We heard orders issued over the loudspeakers telling us to get organized. We were ordered to pass in procession by the local commissariat building between two rows of soldiers and policemen and through a temporary gate erected especially for this purpose. So here was a strange parade of all the Jews of Lida. As German officers approached, and to everyone's surprise there was the thief Avraham Virobek looking at each person passing by and pointing out particular individuals who were then removed from the line and sent to a central spot on the side. Fifty people were arrested at the instructions of Virobek, and were then surrounded by a crowd of guards. Everyone else was released back to the neighborhoods.
We returned home after dark and could not believe what was going on. Did things really end this way? Was our judgment decree postponed? We arrived home exhausted and went to sleep, dead tired. We had not yet understood the day's events, and only the next day we saw what had happened. In the town square there had been a census count of the Jews to determine who among them were refugees from the Vilna Ghetto who sought shelter in Lida, supplied with false papers as residents of Lida.
The two informers, Virobek and Tsigelnitsky, took on the job of discovering which Jews were not local residents, and by pointing with their finger, the fate of dozens of people was sealed. The group of arrestees was taken off to prison, and without delay were all shot that night. Several months later I ran into Virobek when I was plastering the walls of the German office as his assistant, since Virobek was a painter by profession. Virobek opened his heart to me, and said, Did you think I didn't know you were a resident of Vilna? You have me to thank that you are still alive. For some reason I didn't want to harm you. He looked at me with cold expressionless eyes in his freckled face surrounded with red hair.
You were in my hands, and with this tiny finger I could have put an end to your life. A crooked smile spread over his ugly face. A shudder seized me, and I said nothing.
A few days after the defilda members of the Judenrat were arrested, including the chairman Lichtman, his deputy Kutok, and attorney Binyamin Tsiderovitz.
Great fear hovered over the Jews of Lida, and the work of the Judenrat was basically terminated. Several days of tense expectation passed, and on one night two Jewish prisoners managed to escape from the prison (though they were not from the Judenrat). They took advantage of an opportune moment when the prison guards were not looking, and jumped through the window into the yard onto a pile of barrels, and escaped over the fence. They told us about the suffering of the Judenrat members, their extensive brutal treatment, and their bitter end. They reported how Kutok remained firm, and both before and after the decree was issued refused to carry out the hurtful order. He organized the resistance, stood firm in his refusal to cooperate, and encouraged others to follow in his footsteps.

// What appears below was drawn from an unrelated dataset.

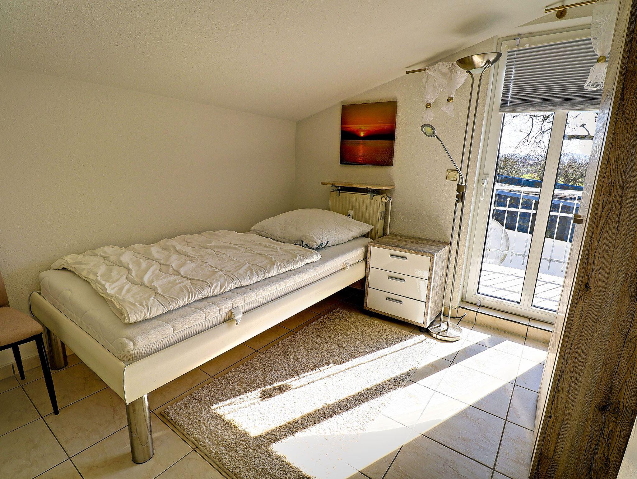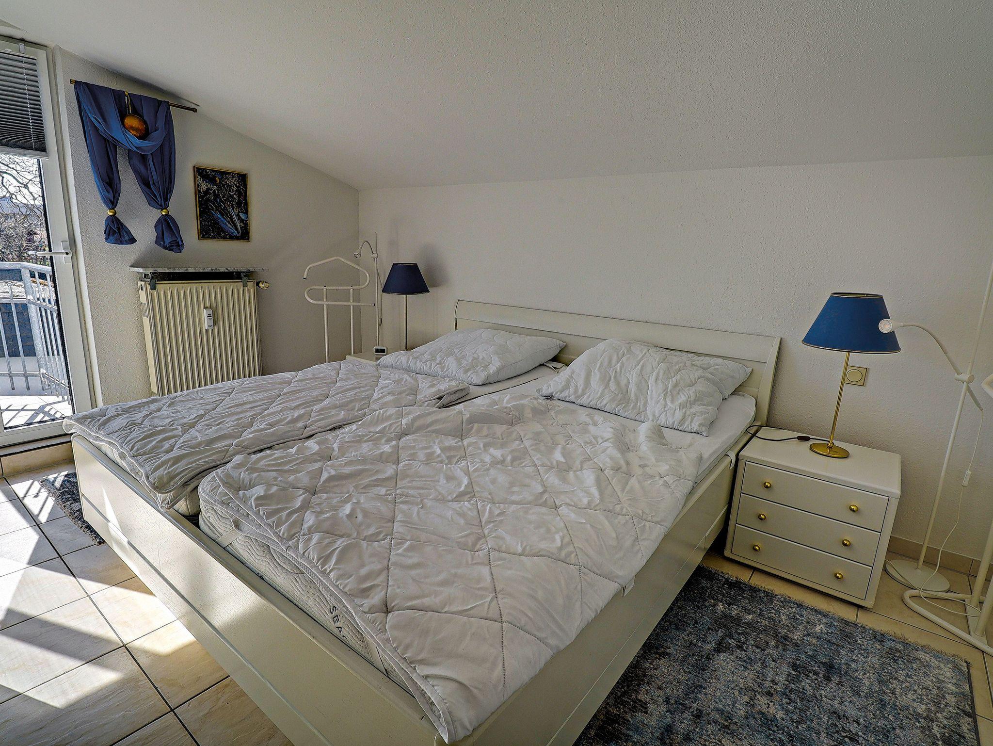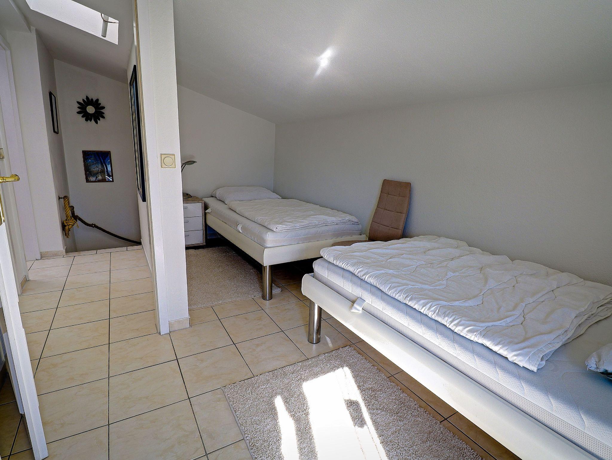 65 m² große 3-Raumwohnung über 2 Etagen. Das Schlafzimmer mit Doppelbett und ein Kinderzimmer mit zwei Einzelbetten sowie das Badezimmer befinden sich im Obergeschoss. Von den Schlafzimmern ausgehend befindet sich ein Balkon.

Several days later, the Judenrat office received a report that it was to deliver a wagon to the prison to carry away the dead to the cemetery. These were the bodies of the tortured members of the Judenrat, and the bodies were so badly damaged that it was difficult to identify them. Kutok's wife identified her husband by a crooked fingernail on one of his hands.
Only family members were permitted to escort the bodies to the cemetery. They were buried in a mass grave in the Lida cemetery. Dark dread was cast over the ghetto after the deaths of the Judenrat members. Their loss was bad news for the Jewish population, and portended bad things to come.

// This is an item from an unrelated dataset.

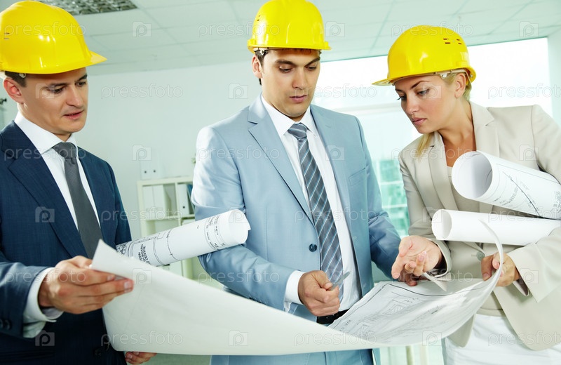 Инженеры в строительных касках обсуждают проект

Several weeks passed in this situation, until we received the bitter news that the commander, who arrested the fifty Vilna Jews, was to serve as a maneuver before the operation to destroy most of the Jews of Lida through trickery and deception. We felt then that our decree was merely postponed, and that our end was hovering overhead as more signs indicated our imminent demise. One day some sixty Jews working at the refuse [or booty] warehouses, and heard that the Germans discovered theft of arms from the camp, and were accusing the workers there. They began an investigation, and the frightened Jews did not come to work. The reaction of their supervisors was immediate.
Police took them from their homes, and took them all to prison. This was on a Sunday in April, a beautiful and warm spring day. I was not working and was sitting in the back of the house on Koshrova Street, facing wide harvested fields that were surrounded by a dark forest in the distance. Suddenly, a few hundred steps from where I was sitting, I saw a group of people surrounded by soldiers walking along a path among the fields. The people were walking in a procession down to a valley spreading out among the fields, its earth walls turning yellow. I followed them, and could make out silhouettes of people walking along the path. The group was stopped in the center of the valley, made to stand against a wall that was shining in the sun. Suddenly I heard shots like the dull sounds of a drum. The row of people fell to the ground; the armed men leaned over them and apparently buried them in the ground. A while later the armed me started moving off onto the path in the direction of town. A sudden silence
took over, and everything seemed so unreal. Our hypothesis was quickly proven! The workers of the refuse factories, who had been arrested a short time earlier, were killed before my eyes.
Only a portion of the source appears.